The beating heart of this story is not fighting monsters. It is not about winning or about sheer brute strength and simple linear paths. No, what makes this story speak even now, after all these years and having grown up, is the characters. The characters and their dynamics are so heart-wrenchingly real. They work together, thinking through life and death scenarios; they fight together; fight against each other; they love each other as much as they want to throw the other into a river and never speak to them again. That humanity that Rodda infuses in her characters is something that still speaks so well. It is not just through the main trio: Lief, the cocky but anxious teenage boy who works through the weight of his quest with logic; Barda, the tired, gruff father-mentor, the warrior of the group, fiercely loyal and surprisingly emotionally intelligent; Jasmine, the classic feral child, raised by the forest with a strong, unshakeable sense of justice and a vulnerability she tries to keep hidden. Rodda's characterisation shines brilliantly through the side characters too: ruthless, solemn but so desperately hopefully Doom; quiet, clever but traitorous Dain; hatefully greedy Laughing Jack. Even with the laughable, cliché name the “Shadowlord” has a great amount of depth and lore behind it. These are but a mere fraction of the vast supporting characters that appear in Rodda’s expansive series Deltora Quest.
The character arcs they all go through – or don't – and the consequences, bring a profound depth to these characters that sticks with me even now. I would even go as far as to say that what I think, read and write is built on this foundation. The themes of Rodda's works echoes in what I reach to read about now, in how I write and explore characters, in the patterns of how I think: the underlying basis that there is more than one side, that those who do not learn from history are doomed to repeat it, that many truths can coexist, hurtful and confounding as it may be. It is as much a joy as it is a sorrow to reach back to these familiar books, to read familiar words and see a part of myself in them. To see the simplicity of the writing but not of the characters; good for me then, good for me now.

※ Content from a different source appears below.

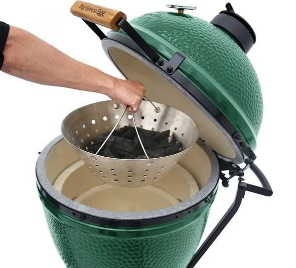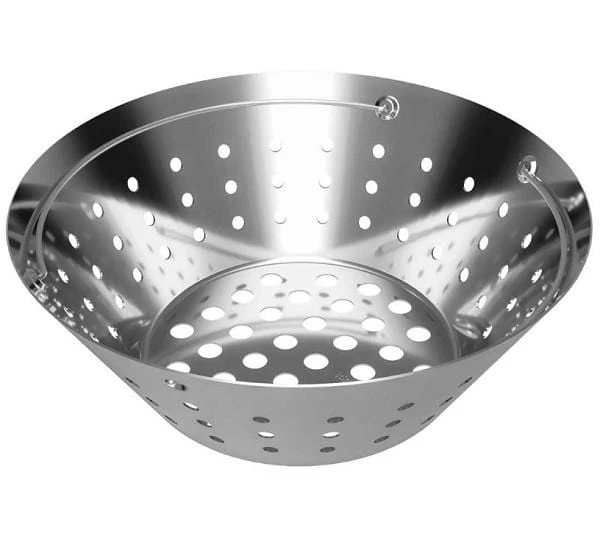 The Big Green Egg Stainless Steel Fire Bowl is a quick and easy way to lift charcoal out of the EGG for easy cleanup. Two convenient handles make it easy to shake out cool ash, allowing you to maximize airflow for quicker startups.
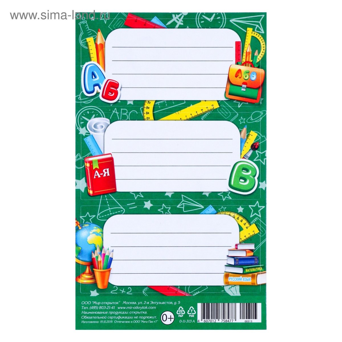 Этикетки для школьных тетрадей

Do not get me wrong, Rodda is not some sort of secret hidden genius who writes revolutionary mind-blowing stories. Her writings are for a younger audience which is clear in the way she writes—but it is also good writing. It holds up even now when going in with the understanding that it is for a younger audience, though admittedly nostalgia still clings to the edges of my vision when thinking about her works, so I may be biased here. Have you read her works or were your childhood staple books something different? Was it Harry Potter? Or maybe Percy Jackson? Whose words have shaped you and what you love?